Legal definition of crime
Legal definition of crime is convenient in distinguishing crime from sin and moral wrongs and it gives a basic premise for characterizing criminology as scientific and precise. Paul W. Tappan defined crime as “an intentional act or omission in violation of criminal law, committed without defense or justification sanctioned by the state as felony or misdemeanor.” To become crime any conduct must be an intentional act or omission in violation of criminal law. If some defense or justification is available for the alleged act or omission, it will not come within the purview of crime. An act or omission does not need to be always intentional in order to be a crime. It can be made punishable with reference to knowledge, recklessness, or negligence, or on the basis of strict responsibility, which does not require any reference to the mental element of the wrongdoer.

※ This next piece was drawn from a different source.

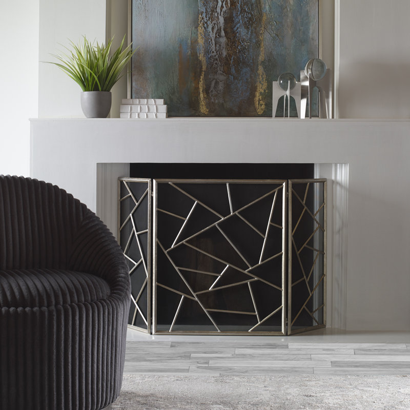 We love the heat and natural light of a fire, but we’d also love it if the fire stayed inside the fireplace. Thankfully, fireplace screens like this one are here to keep our ensembles safe for leaping embers and snapping coals. Crafted from iron with an antique silver leaf finish, this piece features a mesh screen accented by geometric touches for a modern accent in front of any fireplace. Measuring 30” H x 51” W x 1” D, this piece fits most fireplaces.

Social definition of crime by Sutherland
-there must be a value which is politically important and appreciated by a group or part of a group
-there must be some people who do not appreciate the value or appreciate it less highly and later attempt to violate it
-the people appreciating the value should decently take resort to coercion to the people who disregard the value
Social definitions imply that in a society the bulk of the people have to follow some values, which they consider very sacred and necessary to maintain social solidarity.